Аркаша отвечает ему калибром поменьше, Мутный бьет одиночными. Всех переплевывает Пинча. Он долго тужится и наконец издает такой звук, что в окрестных окнах повылетали бы стекла, будь они целыми.
— Тактическое ядерное с обедненным ураном, — ухмыляется он. — Пять тонн в тротиловом эквиваленте.
Ночами батальон оглашается утробным урчанием и стонами. Часовые гадят прямо с крыш, бегать вниз–вверх по двадцать раз за ночь слишком утомительно. Ночное небо помимо крупных звезд расцвечивается белыми солдатскими задницами. Ходить под крышами становится опасно.
У меня возобновляются кровотечения, кальсоны постоянно покрыты коркой крови.
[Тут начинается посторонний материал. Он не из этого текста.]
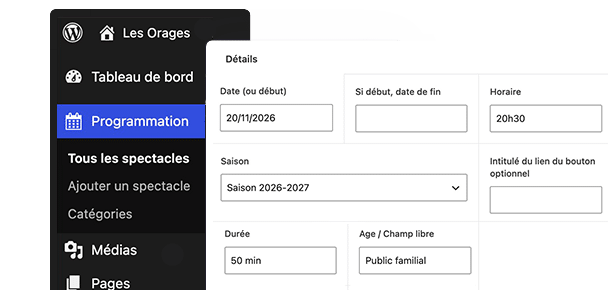 Je m’appuie sur WordPress et ses outils natifs, avec du développement sur mesure quand c’est nécessaire.
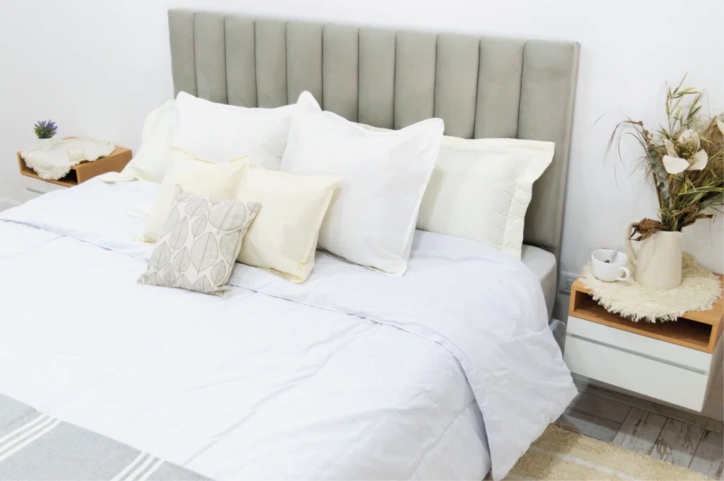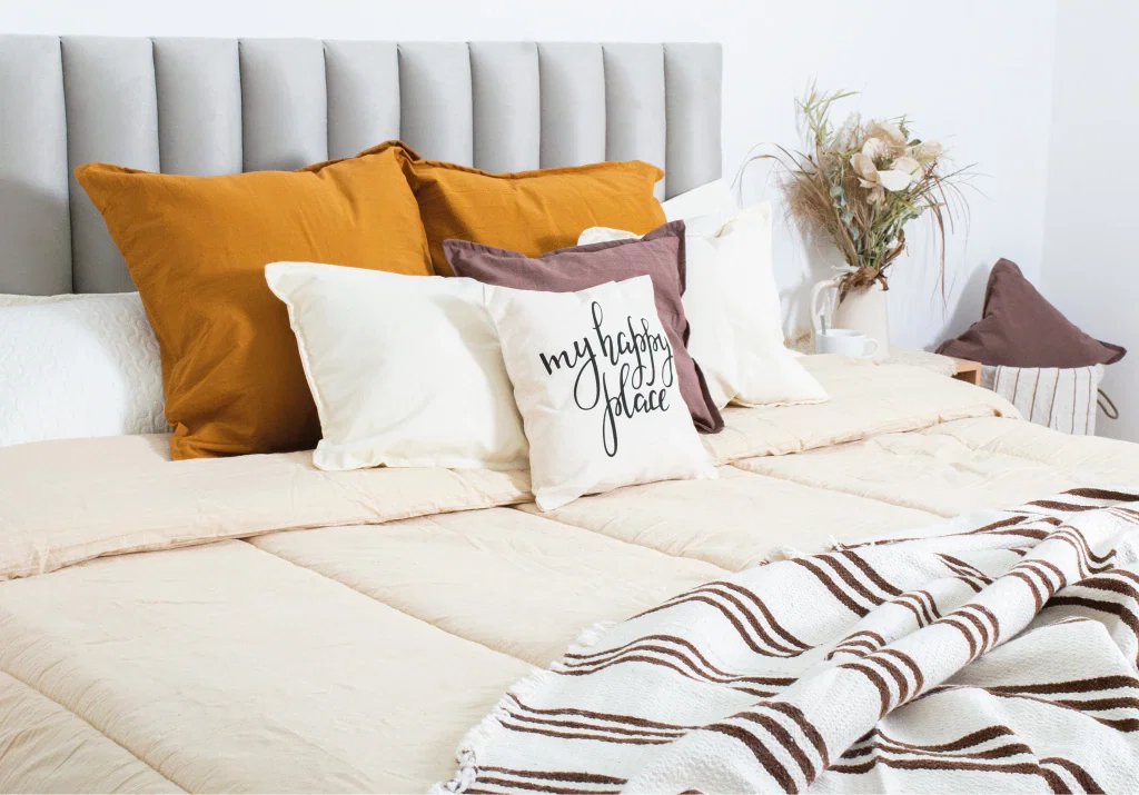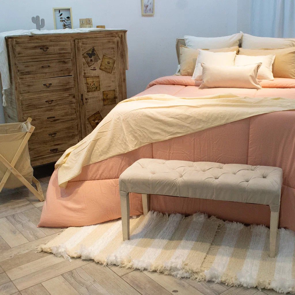Descubrí el acolchado de tusor 100% algodón, suave y pesado, que aporta una calidad insuperable a tu dormitorio. Su textura delicada y su diseño estético lo convierten en el complemento ideal para transformar tu espacio en un refugio de confort y estilo. Un producto que cualquiera desearía tener para sumar elegancia y calidez a su habitación.

Впрочем, кровотечения у нас у всех. Прямая кишка набухает и вываливается из задницы на несколько сантиметров. Штаны спустил, полжопы наружу, и сидишь, как аленький цветочек, округу озаряешь. Пока все свои кишки подотрешь, полрулона бумаги изведешь. Да и где ее взять, бумагу–то? Мы обдираем со стен каптерок оставшиеся куски обоев и шкрябаем по заднице заскорузлым клейстером. Кишкам это совсем не на пользу, кровь из штанов стаканами вычерпывать можно.
— Бляха–муха, вот наградил нас Господь! — говорит Аркаша. — У всего батальона в заднице цветки распустились! Через что воюем, то и награждают…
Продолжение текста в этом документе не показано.